6) I don’t have any motivation to modify anybody’s beliefs really, just sharing how I see things, rightly or wrongly. My perspective is limited but I don’t know if another’s perspective is too. Maybe someone else sees / understands I don’t. Still I share what little I’ve got.
5) If I believed in the Triune God as put forth by the Greek Fathers, then I’d agree. I *tend* to believe some things *might* be forever out of reach by any human or human creation (like AI) but I don’t know that for sure. Just my own limitations as I find them.
4) Virgin birth is incomprensible because we only know the most basic overview of the process. We can’t recreate it, only describe somewhat. That said, I don’t know what’s true or not here but I accept it as defined as miracle or at least a science that we’re not privy to, yet.
3) a) You’re right. I shouldn’t have said Jesus but Son or Christ.
b) I see the begetting as a change in spacetime not of object. Movement, Analogy: A 5D being is temporarily visible in 3D then seems to disappear. Origin was in 5D but nothing new was created but rather became visible “out of 5D” but not seperate from 5D.

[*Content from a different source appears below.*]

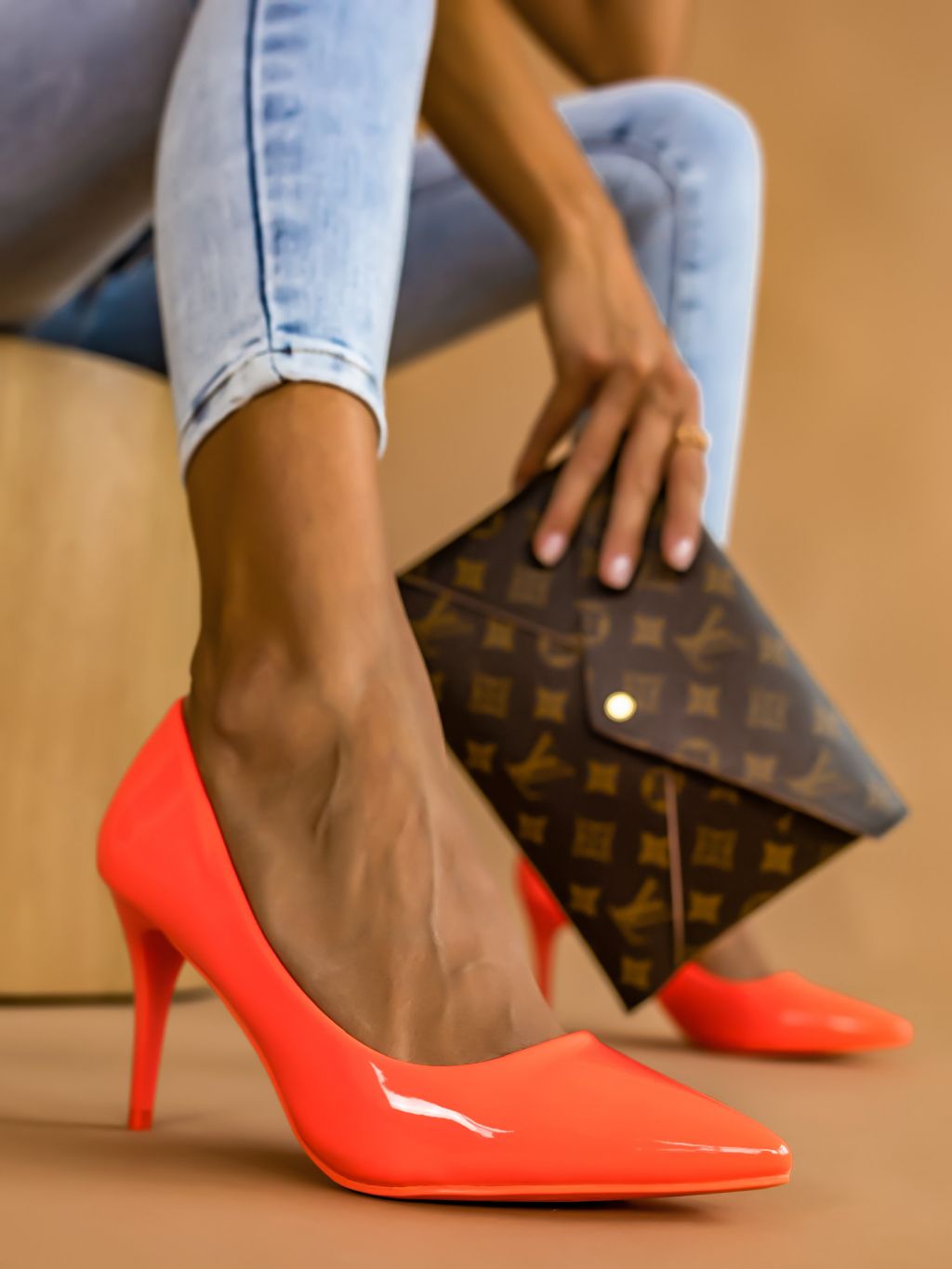 Neonové oranžové hladké boty na podpatku MELODY

2) Yes, it’s an analogy and analogies can fail when challenged as this one did.
1) Since 40 (45 now) I’ve been working at understanding myself from various perspectives while also filling in knowledge I’ve lacked, such as a basic understanding of Western Philosophy, which I aways avoided. I wanted to know where I stood.

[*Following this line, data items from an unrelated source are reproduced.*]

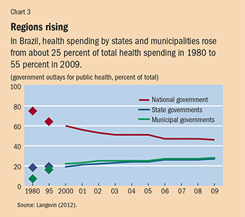 Yet much public spending for health does not take place at the national level—particularly in large federal countries with self-governing regional entities such as states and provinces (see Chart 2). Many tough decisions on how to allocate public health funds efficiently and effectively are made not in a capital city but by regional and local governments. In advanced economies this is nothing new. As incomes rise in emerging market and developing economies and as they continue to democratize, decentralize, and urbanize, spending by subnational governments will likely continue to grow. In Brazil, for example, subnational spending on health rose from 25 percent to 55 percent of total public health spending between 1980 and 2009 (see Chart 3).
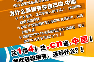 2009年5月,“.中国”将写入全球根域名系统,融入国际互联网,从此,无论在世界任何地方都可以畅通无阻的对包含着汉字的中文域名进行访问。其实每个人都拥有属于自己的那个.中国,它不但承载了特有专属的网络品牌,还预示了新的一年我们可能会面对的新的发展机遇,或者新的挑战。很神奇么,那就来试一试
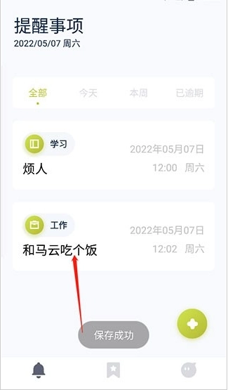 點擊保存后,系統(tǒng)會自動跳轉至提醒事項界面,在該界面中我們能夠看到剛才設置好的提醒事項。
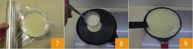 At this point, cover the bowl with transparent plastic wrap and let it rest for at least 30 minutes in the refrigerator 7. After the time has passed, stir the batter to revive it, then heat a 6-inch crepe pan and grease it with a pat of butter. Once at temperature, pour a ladle of batter sufficient to cover the surface of the pan 8. You can use a crepe spreader or rotate the pan to distribute the batter evenly; it is advisable to perform these operations quickly as the batter will cook rapidly. After about 1 minute over medium-low heat, you should notice a slight golden color; the edges will begin to lift, so you can flip the first crepe with a spatula 9.
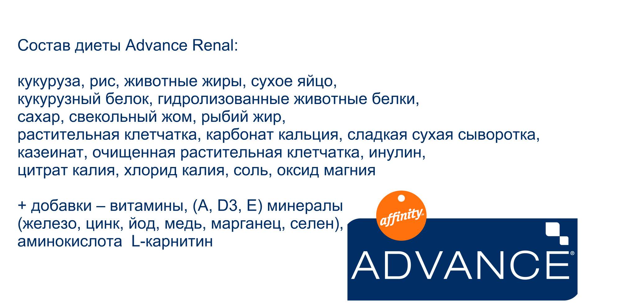 Корм Advance выпускает испанская компания Affinity. Этот бренд она приобрела в 2002 году (ранее он принадлежал компании MARS). Её заводы, ранее принадлежавшие компании Purina, расположены в Испании и Франции.

I tried various experiments. One of them (from Apr 2013 to around Oct 2013) was to record my every thought as it arose. I had index cards and pens everywhere and filled thousands of index cards. During that time I was also following wherever my interest at the moment led me to. A lot of studying of cognitive processes at the time so I could better identify the risings and fallings in my mind as they occurred.
That led to me collecting everything I ever wrote (including this very message here that I’m typing now) into a database so I could have a “Google of my mind”. I keep it online for my own honesty: probably about 37000 entries or so but I haven’t checked in a while. I just keep adding to it.
I’ve also been working on strengthening my autobiographical memories wherever I notice them weak.
Accuracy is key or at least as accurate as possible.
Ultimately, I want to understand who I am and where I came from, having spent most of my life feeling alien to this world and its ways for the most part. It’s a quest I’m still on.
I’m hoping that the better I understand myself, the better other people and their behaviors will make sense to me. I’m finding “friendship” seems to be a common core as well as a desire to be noticed in some way.